Departament Sprawiedliwości USA skazał Jessicę Leeann Sledge. Nieznane nazwisko, ale jednak ktoś, kto ma wiele na swoim koncie. Kobieta z Pelahatchie (Mississippi) otrzyma karę dziesięciu lat więzienia, ponieważ chciała wynająć zabójcę za pomocą bitcoina.
Hitman
Sledge została skazana na ustawowe maksimum 120 miesięcy więzienia za „wykorzystanie 'obiektów handlu międzystanowego’ do popełnienia morderstwa na zlecenie”. Tak pisze adwokat Darren J. LaMarca.
Według akt, Sledge próbowała skontaktować się z hit manem online między wrześniem 2021 a listopadem 2021 roku. Trzykrotnie wysłała do mężczyzny płatności w bitcoinach. Łączna kwota, o którą chodziło, wynosiła 10 tys. dolarów.
Jednak bez wiedzy Sledge’a „hitman” był tajnym agentem. Pośrednio i nieświadomie miała więc kontakt z agentem.
Woman pays hitman in #Bitcoin to kill her husband
Forty-year old Jessica Leeann Sledge pled guilty in February to hiring a purported assassin on the dark web and paying him in…https://t.co/5NNPjTnctl
— Money Trending #CryptoNews (@Money_Trending) August 2, 2022
Kobieta została aresztowana w listopadzie ubiegłego roku.

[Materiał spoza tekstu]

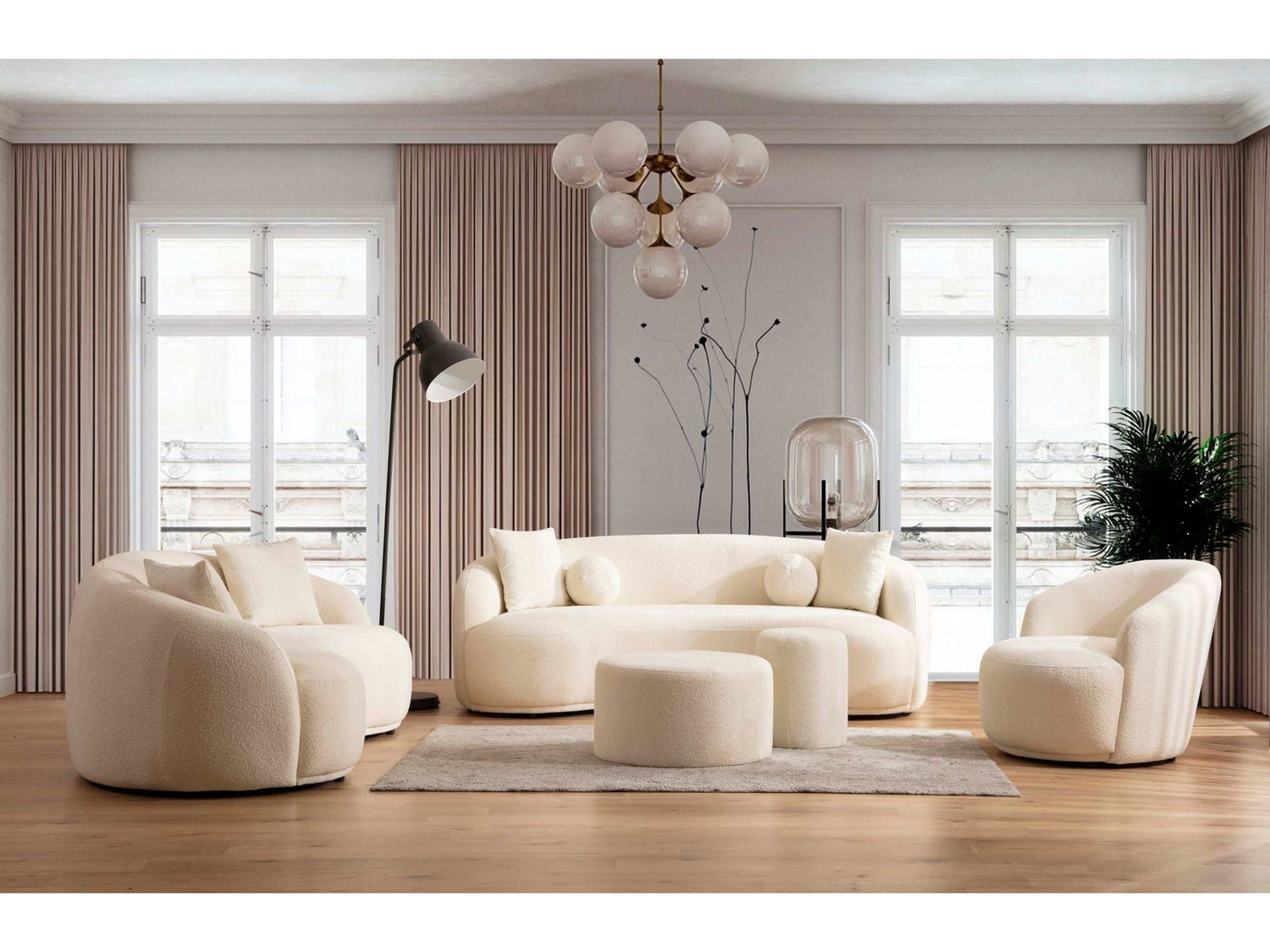 Introducing our Bonita Boucle Sofa Loveseat Set, a perfect combination of style and comfort. Crafted with the utmost attention to detail, this set features luxurious boucle upholstery, known for its softness and texture. The stunning curved structure of this sofa loveseat set adds a touch of elegance to any room. The Ivory color for this set is carefully selected to provide a minimal yet post-modern look. This set features four square pillows and three round pillows, creating a delightful balance of shapes and coziness.

Oprócz kary dziesięciu lat więzienia, Sledge została ukarana grzywną w wysokości 1000 dolarów. Zostanie również objęta nadzorem przez trzy lata od momentu wyjścia na wolność.
Płatności bitcoinami (w sumie 10 000 dolarów) zostały dokonane, gdy największa kryptowaluta kosztowała około 55 000 dolarów. Obecnie płatność jest jeszcze warta około 5,800 dolarów (jeśli stróże prawa sami jej nie sprzedali).
Prywatność?
Wydawało się to wygodnym posunięciem: płatność bitcoin, której nikt nie może zatrzymać. Zazwyczaj bitcoin jest postrzegany jako metoda płatności sprzyjająca prywatności.
Jednak wszystkie płatności są na zawsze przechowywane w blockchainie, więc każdy przyszły błąd może być fatalny. Przepływy pieniężne mogą być analizowane, a nawet miksery nie wydają się być wodoszczelne. Nawiasem mówiąc, płatność błyskawiczna zapewnia zupełnie inny rodzaj prywatności, ze względu na cebulową strukturę sieci.
W tym przypadku prywatność nie miała żadnego znaczenia: kontrahent sam był agentem.